The Governor also wants to dedicate the BP settlement money as it comes in to paying off debts that the state owes. This is highly unpopular on the Gulf Coast where they argue that they bore the brunt of the disaster from the oil spill so the money should be spent on infrastructure improvements there instead of being spent on the State’s financial mismanagement.  Rather than right sizing State spending to match State revenues legislators plundered the Alabama Trust Fund of $547 million optimistically hoping for a brighter day when the economy is stronger and tax revenues are higher. That day never came so now the Governor and many legislators want to pay off that debt as well, as ~$65 million the State owes the federal government in improper Medicaid billing, with one time dollars from the BP settlement.

The Governor also wants the legislature to borrow another $55 million in bond issues so that the State can build a luxury hotel and conference center at Gulf State Park. Fiscal conservatives have opposed this project because it burdens future generations with debt to pay for a high risk venture in a hurricane zone.

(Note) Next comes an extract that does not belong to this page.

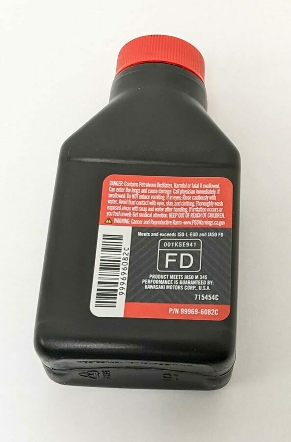 Description: For use in all engines where API and JASO FD oil is recommended, Kawasaki KTECH BLEND 2-Cycle Engine Oil is a synthetic blend that meets or exceeds the rigorous requirements of API TC, JASO FD, and ISO EGD classifications for 2-cycle air-cooled small engine applications. Includes low-smoke, blue dye for easy identification.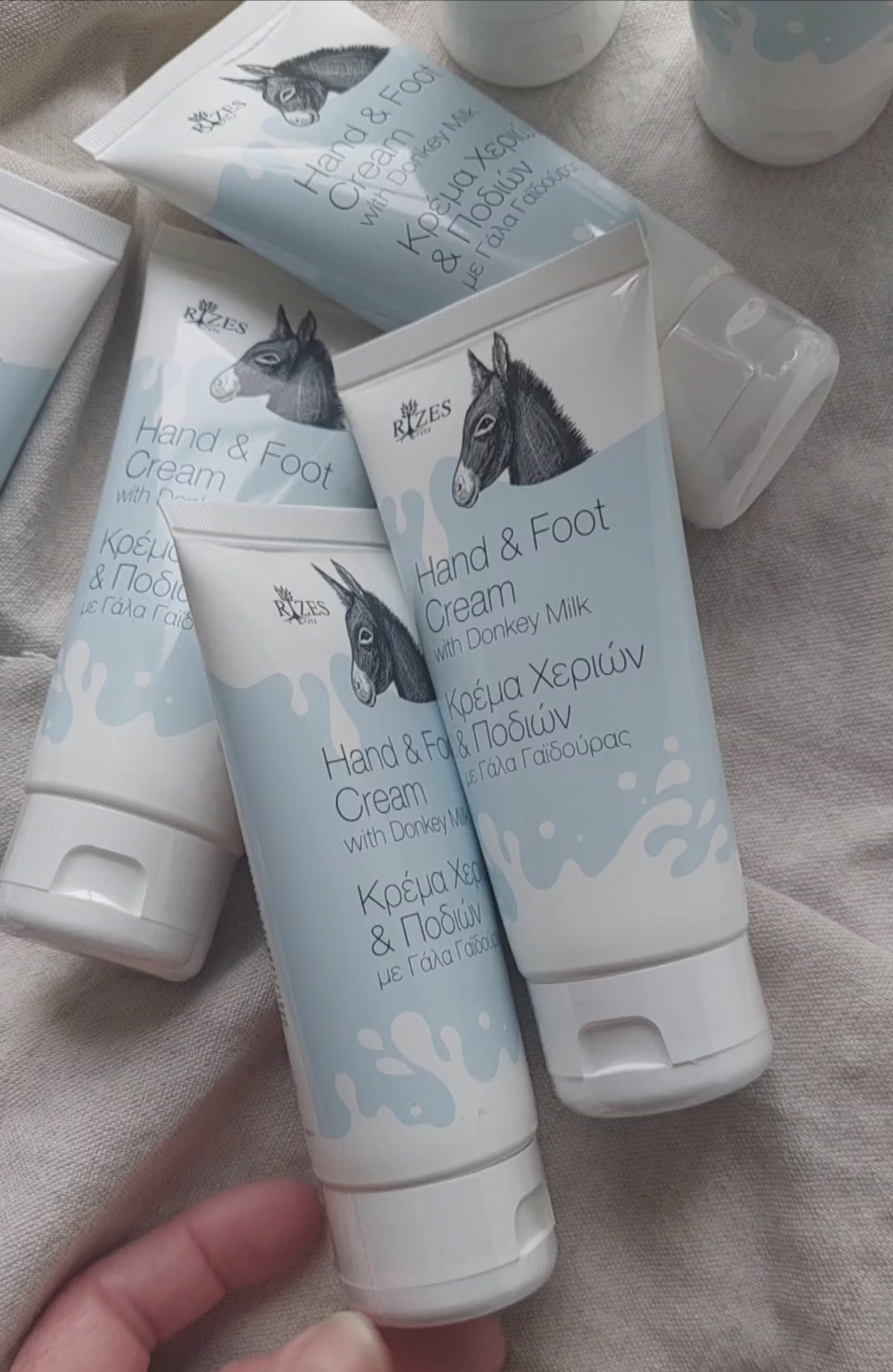 Hånd- og fotkrem med eselmelk for dyp hydrering av tørre hender, samt huden på føttene.

Legislators also have pet issues that they hope to bring up in the Special Session.

 

Brandon Moseley
Written By

Brandon Moseley is a senior reporter with over nine years at Alabama Political Reporter. During that time he has written 8,297 articles for APR. You can email him at [email protected] or follow him on Facebook. Brandon is a native of Moody, Alabama, a graduate of Auburn University, and a seventh generation Alabamian.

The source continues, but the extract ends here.